Merry Meet..
I missed yesterday's Rock-in' Tuesday post due to a family emergency. I can't talk about it with people in my mundane life so I will talk about it with you, dear readers.
The Baptist could be losing his job today. Through a series of mistakes that were completely not his fault, he could be unemployed by the end of the hour. Note: I place blame where blame is due. This project has been the bane of our existence for over a year now. And it has been a string of disasters... And it actually isn't his fault. But, he's the boss. So when something is messed up, he gets blamed. So now we will all pay for other's mistakes with our livelihood and insurance. I have two children under the age of 5. I also have a psychiatric condition that is well controlled with medication I can't afford without said insurance. I feel like we are paying for so many mistakes that are not in The Baptist's control.
Courtesy of Stephaniecity |
I feel completely out of control. Big magick keeps asking why daddy is sad. He knows something is going on. Little magick has just decided he's going to ride out this storm latched to my breast. We're nursing as much as we did when he first arrived. I am about to snap from all of the stress. I feel like the ground is falling away from me and we are swirling on the winds of the great unknown. I feel...... ungrounded.

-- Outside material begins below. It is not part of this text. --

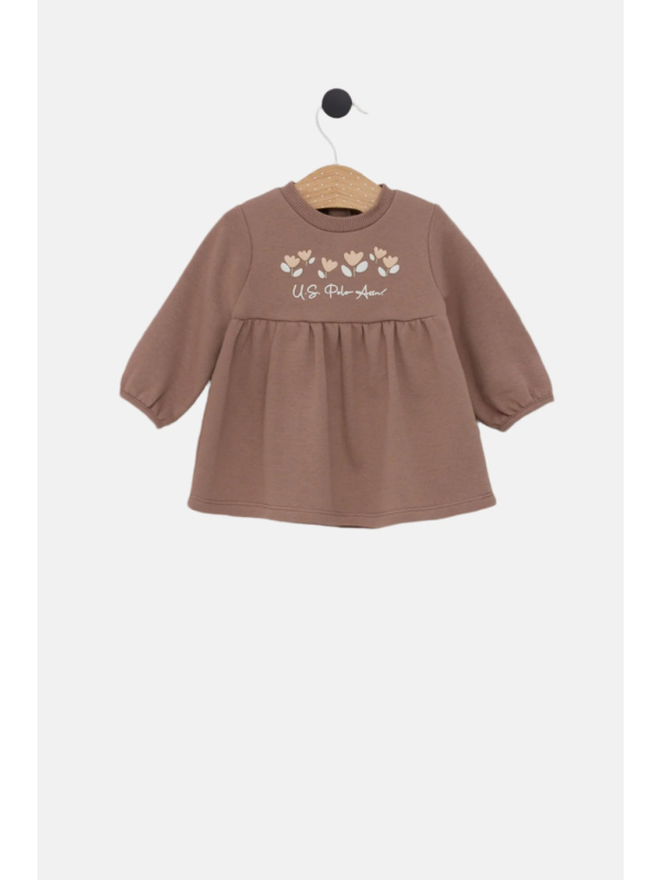 Smeđa U.S. POLO ASSN. haljina za bebe s cvjetnim motivom

If you have some energy to lend us today, we would really appreciate it. I sent protection stones with him to his meeting and I am wearing my runes. I cast a protection spell over him the other day. I feel like I should be DOING something more but I just don't know what. So if you have any ideas, please, I would love to hear them.
I will try to keep my posts upbeat from here on out. I appreciate each and every one of you that reads. Thanks for listening.